A very dark outpouring

on Wednesday, January 5, 2011
Blue-that been my mood for the past 2 days.   It is not terribly surprising.  Immediately following my loss, I boarded a plane back home to India.  In the following month, given the circumstances, my emotional recovery could only have been described as superlative.  It was so because I was surrounded by the people who loved me and I was never really alone.  Now I'm back in USA, at home, except it does not feel like home anymore.  I've lived alone for the past 8 years and have been fine by myself.  I've had the fun social life (I still do, for what its worth) and I was completely self-contained, happy in the quietness that is part and parcel of living alone. But  for the first time in my life, that quietness seems suffocating.  I think its just a combination of vulnerability and sadness that should quickly pass, buts its tough going sometimes. Yesterday to get my mind off things,  I called up friends I'd been meaning to catch up with for a while, and they told me they were 3 months into an 'oops' pregnancy. Now, these people are amazing and I'm really happy for them, but of course, given my mood yesterday, that really reinforced the sadness and victimization I was feeling. I really did not need that, I can only marvel at a fate sneaky enough to make me call them on the one day that even a hallmark card could get me bawling.
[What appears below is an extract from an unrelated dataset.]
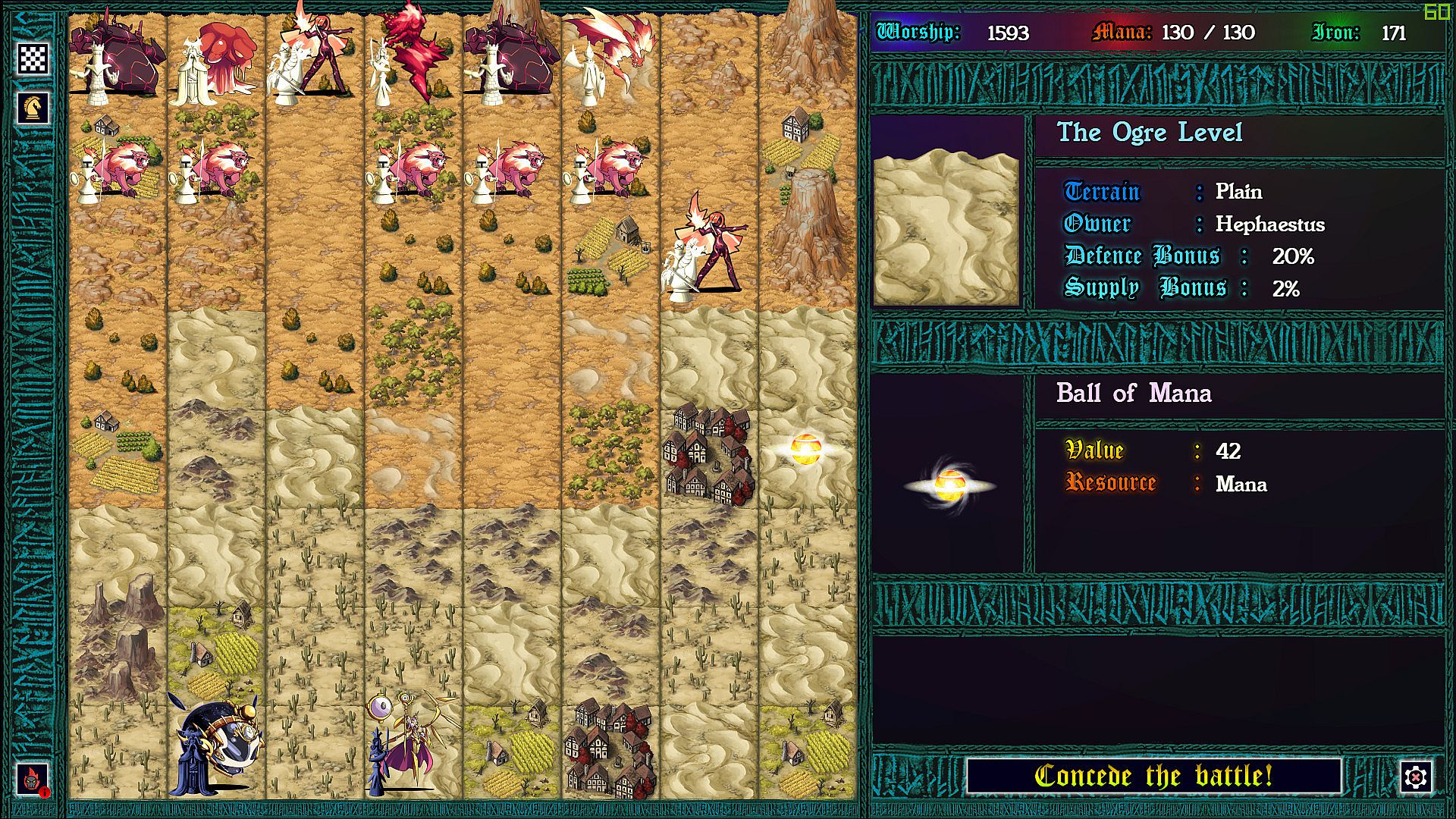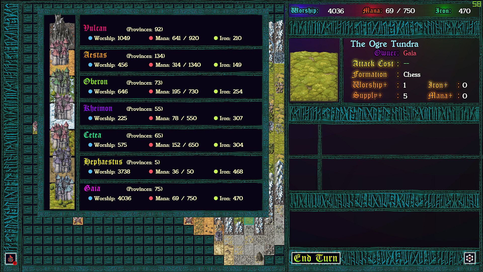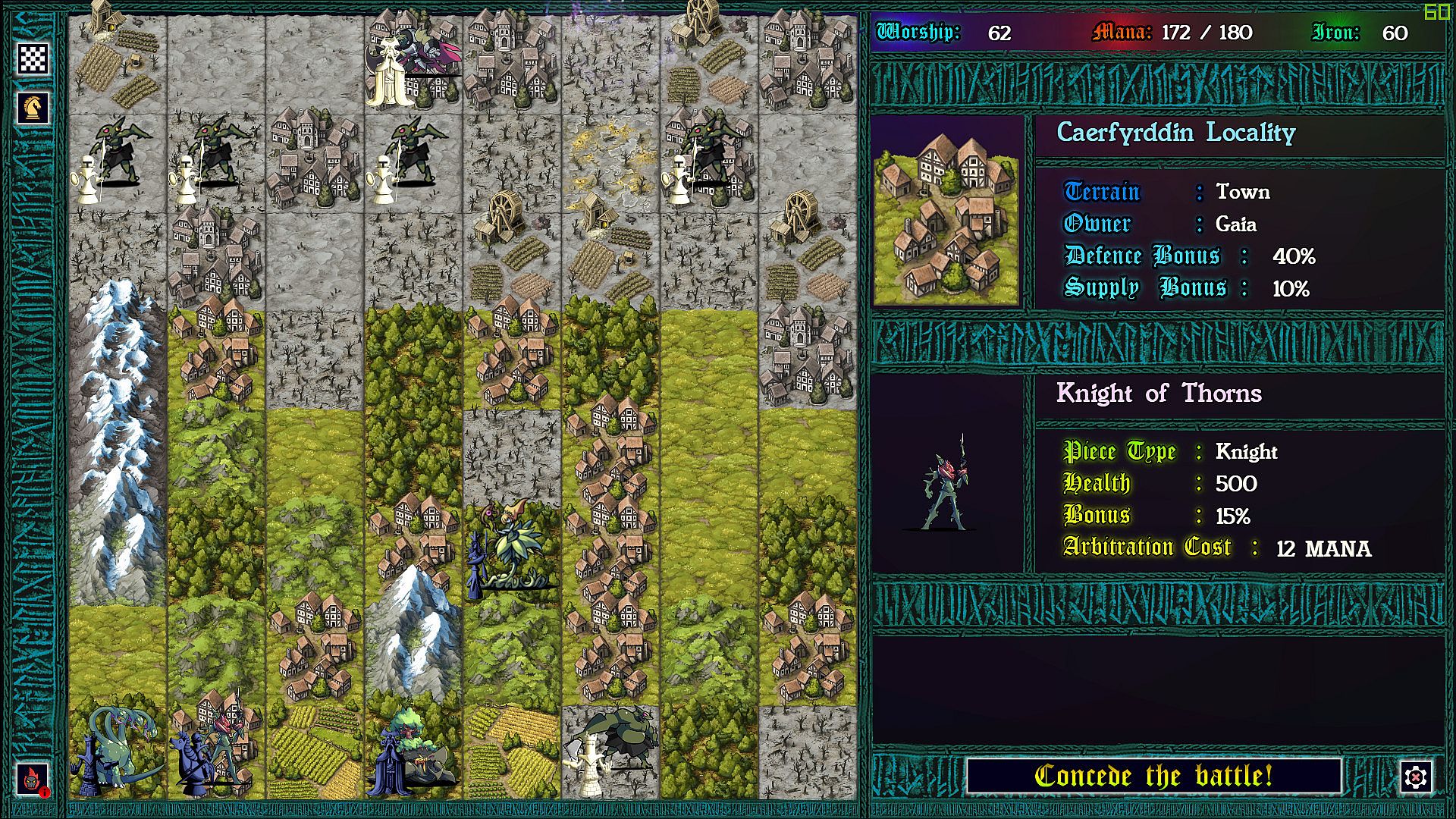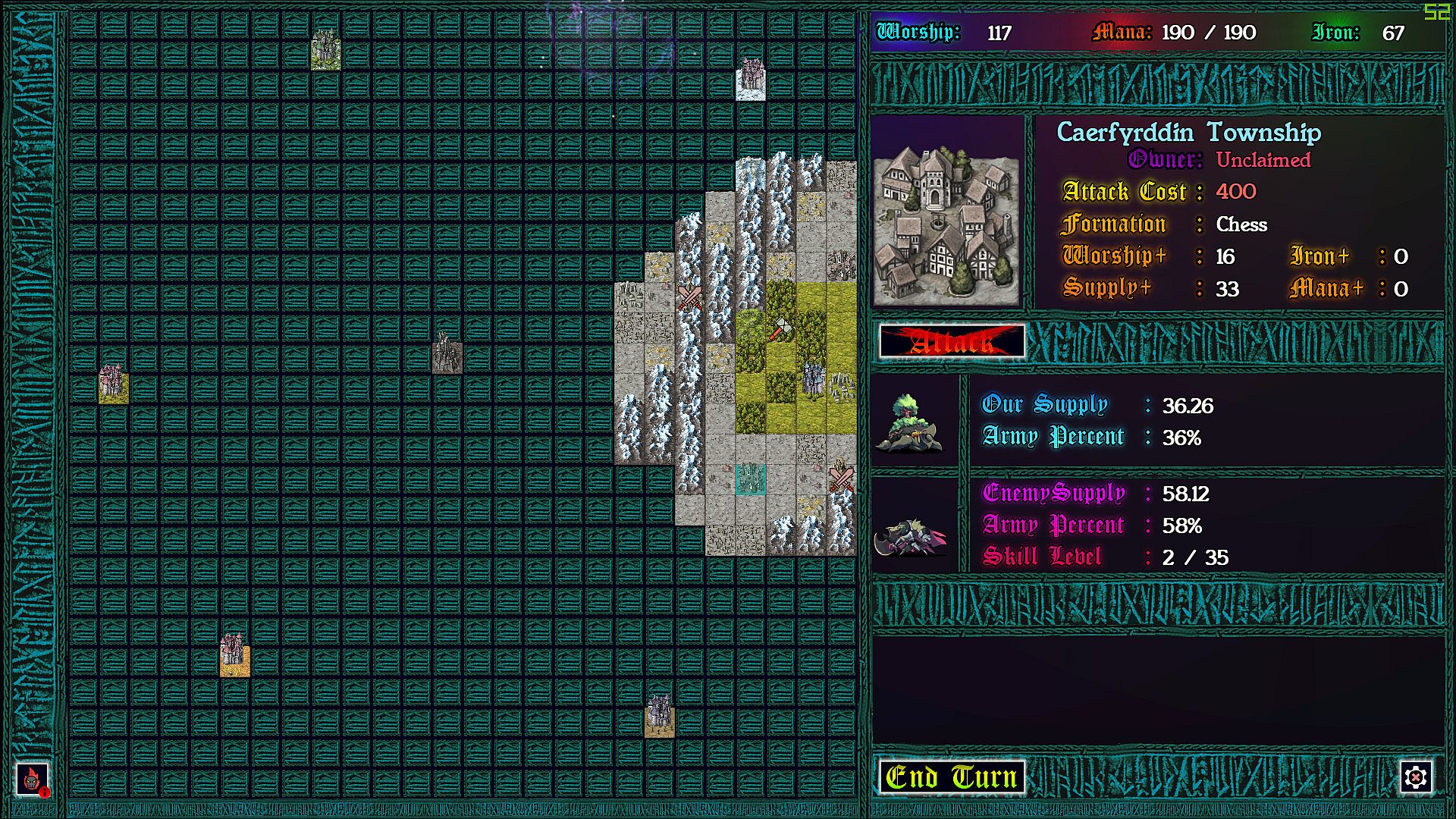 Each province taken requires a chess battle, but as you’ve never played before. Supply lines determine the size of your army so that battles can be vastly uneven. More dramatic still: each time pieces collide on the board, the defending god can intercede with an arbitration, causing an rpg style battle to ensue. In these battles strategic resources can be used to devastating effect, and with enough mana, iron, and worship, a pawn might even turn back a queen!

I'm very good at recognizing my own limits, and the one thing I cannot EVER do again, is go through pregnancy while being alone.  It would be really nice if I suddenly met somebody tomorrow and we got to navigate this choppy sea together, but I'm not holding my breath.  So I have to wait until I'm about 2 months away from wrapping up my life (temporarily) in the US and I'm ready to make that short term move back to India. Only then can I try again.

I'm going to be candid in saying I am now utterly petrified of pregnancy. Even when I get past the first trimester, I'm going to be thinking of all the other horrible things that can go wrong.  A big part of this is because of the Turners syndrome diagnosis. When you know beyond a doubt that you have produced one bad egg, you keep thinking about what if the next time the baby actually makes it through to 5 months, and THEN you find out? I'm going to need help keeping sane the next time, obviously. Several months ago, my brother had asked my why I don't come back and go through pregnancy in India and I had unequivocally dismissed the idea. Pollution, mosquitoes, heat, monsoons...who needs that while pregnant? Moreover, I had wanted my child to be born in America so there would be fewer immigration issues to work out. Now, those concerns seem laughable, and of course, famous last words.

If you have read this far, thank you. This post is mostly like lancing a boil...I'm praying that it does not refill, I don't want to keep feeling like this.